At a certain level, it's understandable to think the new White House budget plan is unimportant, or at a minimum, political theater. Given the far-right Republican majority in the House, there's simply no way this budget will be approved by Congress, making the new White House document more of an opening bid than a realistic plan.
But don't dismiss it too quickly. As a political document, President Obama's budget tells us quite a bit about his priorities, his ideological goals, and what he intends to fight for, and in the process, it helps set the stage for the kind of fights we can expect to see over the next several months. Brian Beutler explained earlier:
Neither the GOP budget nor Obama's counteroffer will -- or are even intended to -- become law. But they represent fresh bids in the ongoing fight between the parties over the scope of the safety net, and the question of whether the wealthiest people in the country contribute too much, or not enough, to the public purse.The policies Obama will advocate are broadly popular; the GOP's counter proposals are popular among their conservative supporters.
With that in mind, here are a handful of angles to keep an eye on as the budget fight unfolds in earnest:
* Domestic priorities: The White House budget intends to boost spending on "job-creation initiatives for infrastructure, job-training and innovation."
* Taxes: Obama's plan reflects the arguments the president has pushed for a long while, calling for "tax dividends of the wealthiest taxpayers as ordinary income subject to their top income-tax rate." This idea alone, which Republicans hate with the heat of a thousand suns, would raise roughly $206 billion over 10 years.
* Oil companies: The oil and gas industries continue to enjoy generous taxpayer subsidies every year. The White House plan "would nix roughly $39 billion worth of tax breaks" over the next decade.
* Infrastructure: The administration's budget would take money that was going to the wars in Iraq and Afghanistan and use it to nearly double investments in "U.S. highway, bridge and mass transit projects."
* Deficit: Obama would use higher taxes on the wealthy, and fewer tax subsidies for oil companies, to help bring down the deficit.
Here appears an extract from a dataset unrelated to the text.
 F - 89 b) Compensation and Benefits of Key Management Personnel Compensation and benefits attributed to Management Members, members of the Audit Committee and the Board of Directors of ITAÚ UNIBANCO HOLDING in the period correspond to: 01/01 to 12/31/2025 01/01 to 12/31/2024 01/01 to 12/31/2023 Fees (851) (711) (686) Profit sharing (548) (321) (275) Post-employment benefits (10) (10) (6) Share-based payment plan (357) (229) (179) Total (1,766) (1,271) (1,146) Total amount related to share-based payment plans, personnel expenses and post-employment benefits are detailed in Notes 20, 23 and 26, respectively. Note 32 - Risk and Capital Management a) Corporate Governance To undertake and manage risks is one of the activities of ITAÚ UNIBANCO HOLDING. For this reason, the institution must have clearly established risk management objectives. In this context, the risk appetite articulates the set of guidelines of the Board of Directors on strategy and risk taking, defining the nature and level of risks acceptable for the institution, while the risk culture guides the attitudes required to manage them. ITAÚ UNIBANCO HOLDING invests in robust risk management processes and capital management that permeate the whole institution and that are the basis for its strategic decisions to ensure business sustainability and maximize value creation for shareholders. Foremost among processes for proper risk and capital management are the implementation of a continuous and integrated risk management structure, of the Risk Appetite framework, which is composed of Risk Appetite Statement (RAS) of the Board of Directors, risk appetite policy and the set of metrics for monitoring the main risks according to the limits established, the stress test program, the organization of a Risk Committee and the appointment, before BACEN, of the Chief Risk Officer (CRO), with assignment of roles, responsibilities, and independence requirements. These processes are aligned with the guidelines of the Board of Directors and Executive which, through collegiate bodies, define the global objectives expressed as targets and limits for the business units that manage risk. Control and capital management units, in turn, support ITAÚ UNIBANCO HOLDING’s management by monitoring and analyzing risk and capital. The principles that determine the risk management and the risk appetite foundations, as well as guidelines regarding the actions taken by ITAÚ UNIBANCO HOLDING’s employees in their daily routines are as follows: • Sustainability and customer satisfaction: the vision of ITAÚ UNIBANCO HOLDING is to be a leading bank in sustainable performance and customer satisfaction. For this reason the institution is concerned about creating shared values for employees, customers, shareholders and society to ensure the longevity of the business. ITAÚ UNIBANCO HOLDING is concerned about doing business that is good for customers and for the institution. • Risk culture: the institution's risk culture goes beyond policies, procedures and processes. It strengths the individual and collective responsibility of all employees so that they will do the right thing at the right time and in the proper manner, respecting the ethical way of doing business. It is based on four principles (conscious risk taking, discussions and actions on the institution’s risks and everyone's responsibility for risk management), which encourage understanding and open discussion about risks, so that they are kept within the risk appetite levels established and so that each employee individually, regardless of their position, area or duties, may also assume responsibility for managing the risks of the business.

Overall, the White House plan would reduce the deficit by about $4 trillion over the next decade, though the White House plan prioritizes economic growth in the short term, and leaves debt reduction for another day.
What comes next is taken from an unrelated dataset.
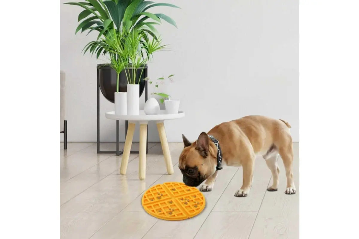 Utilisez le tapis à lécher AFP Calming Pals - Woofle pour permettre à votre chien de profiter de la nourriture ou d'autres friandises de manière calme. Grâce aux compartiments pratiques, le chien doit faire plus d'efforts et éviter les sursauts. De plus, le tapis à lécher offre également une solution pour réduire l'ennui ou le stress et le tapis peut être utilisé avec des aliments secs et humides. Par exemple, étalez-y du yaourt ou du beurre de cacahuète. Grâce aux ventouses puissantes, l'AFP Calming Pals - Woofle Lick Mat peut être fixé sur n'importe quelle surface !

* Striking a chord for budget honesty: If the White House were more inclined to rely on gimmicks, the deficit figures would look a lot better. Whereas Bush/Cheney consistently chose to ignore the cost of wars, the Medicare "doc fix," and AMT costs to make it appear they were keeping deficits down, Obama's team is playing it straight. This matters: "If the Obama White House had budgeted for 2013 and beyond the way Mr. Bush had, its deficit forecast for 2022 would have been $167 billion, or 0.7 percent of the economy. Instead, because White House budget writers are adjusting for such costs, the deficit is forecast to be 2.8 percent of the economy that year, $704 billion."
The politics of this larger fight would appear to favor the president -- most of the American mainstream endorses Obama's priorities, including higher taxes on the very wealthy -- though that's unlikely to persuade congressional Republicans.